I have to agree with this.
You should have tackled her statements wrt marrying her brother and living next door as soon as you noticed this sort of thing was persisting.
You need to take a deep breath, and sit your DD down. Maybe take her to a park, sit on a bench together, eat a packed picnic lunch. You need to tell her that she is too young to be considering herself anyone's girlfriend and that the boys she has been bothering are not her boyfriend. You need to tell her the talk of marrying her brother has to stop too. This must be very weird and unpleasant for her brother. It's not cute or sweet. You need to point out that her behaviour has an effect on others.
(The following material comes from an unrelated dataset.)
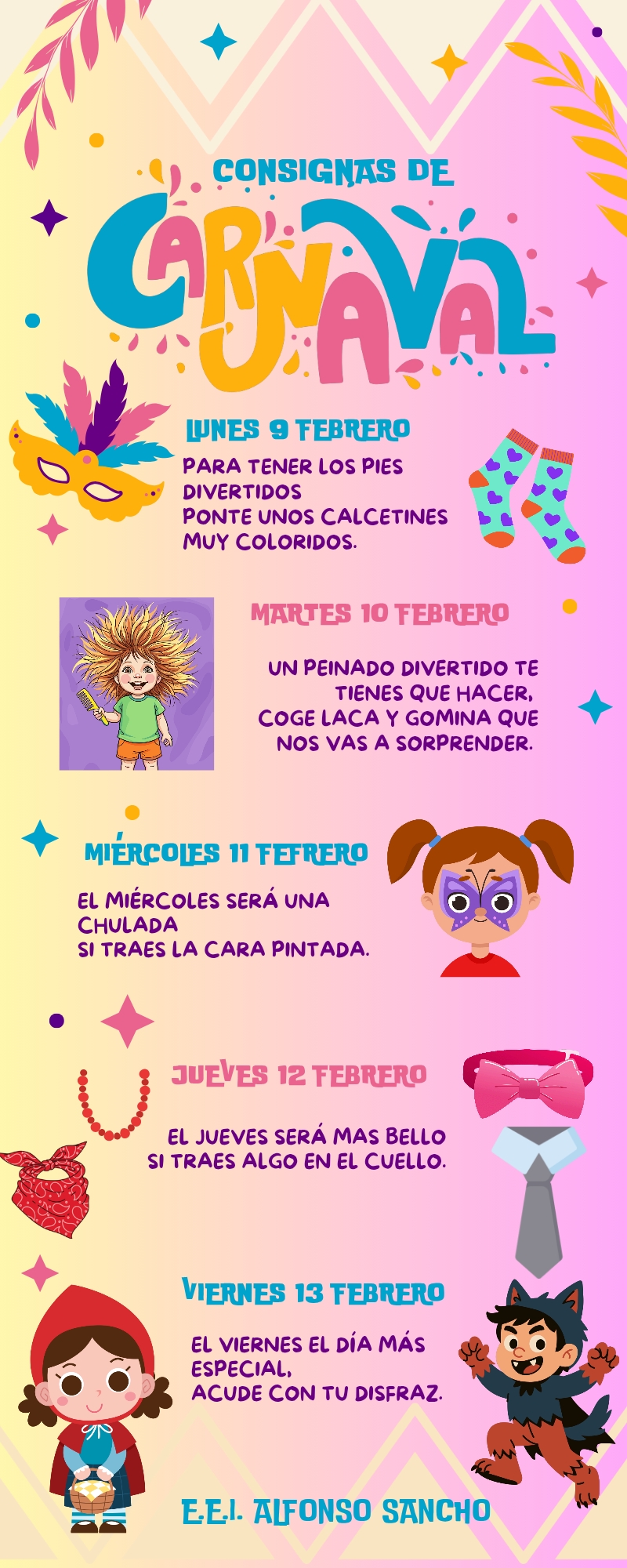 Nota para las familias: Queremos agradecer vuestra colaboración e implicación en la preparación de cada detalle. Gracias por ayudar a que la magia del Carnaval siga viva en el corazón de los más pequeños.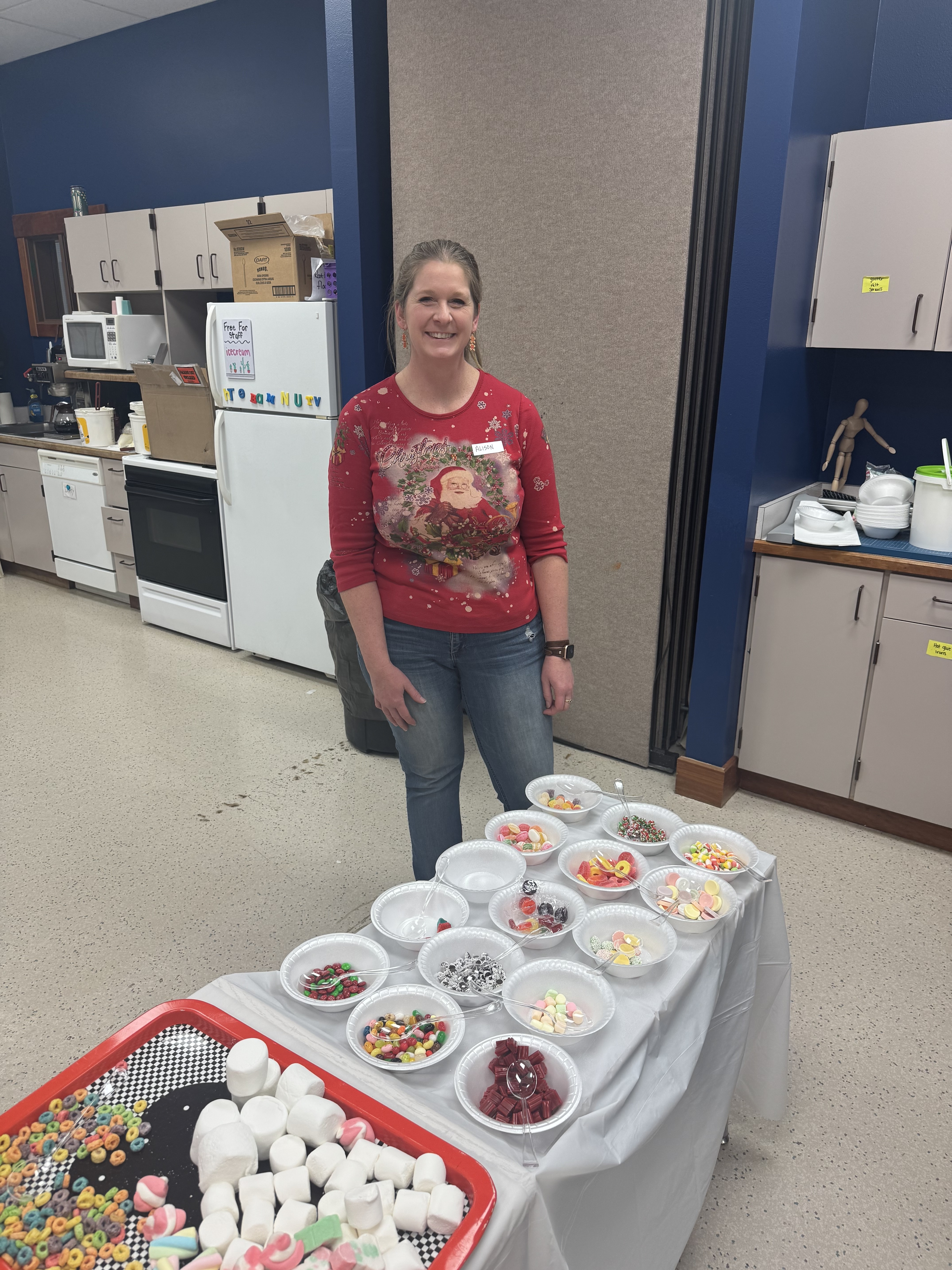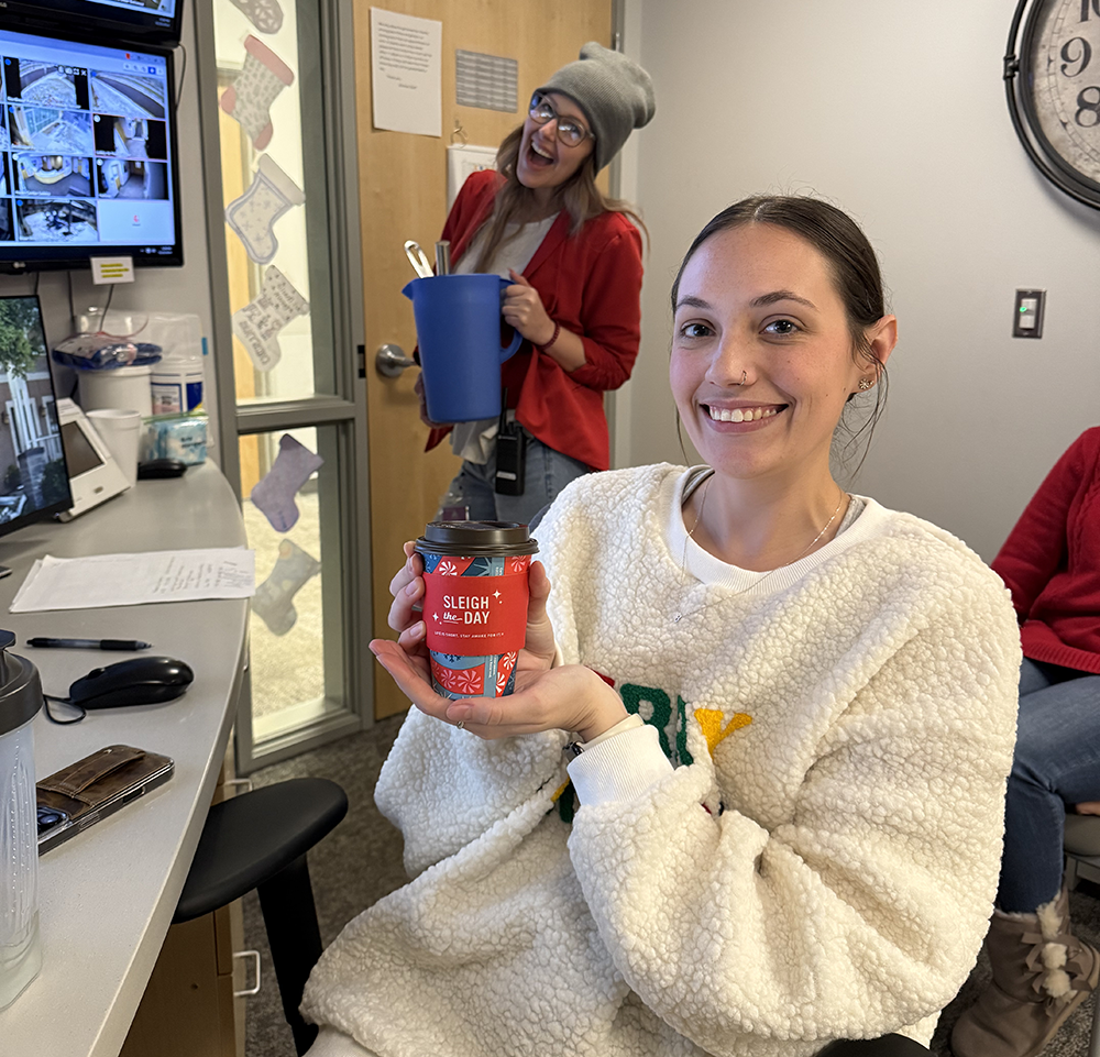 Cook Reanna Mennis and Youth Care Provider Kinzie Telgren were looking festive as they enjoyed a little hot cocoa break.

Explain that she can have friends who are boys, and she can love her brother, but that expressing love in terms of marrying is inappropriate, and not what love of her brother or friendship with schoolmates means.
You need to stop any exposure to media featuring this kind of material. No TV shows, no films (including Disney princess type with a handsome prince or characters ending up married/ kissing), no pop music or music videos. If her father is in the habit of calling her "Daddy's little princess" or similar terms, maybe examine the impact this may have. (Ignore if not applicable).
If she hasn't already been told the facts of life, I recommend The Care and Keeping of You, published by American Girl Publishing. There are several books as part of this series, dealing with puberty, friendship, growing older and hopefully wiser and kinder. She needs to understand what lies ahead, physically, emotionally, and socially.
Ask her teacher to keep a close eye, and to report to you if this behaviour continues.
I'd be very inclined to do whatever it takes to get her into sports or some other demanding extra curricular activity so that she will start to value relationships that are not based on romantic affection, and value people for traits not linked to romance.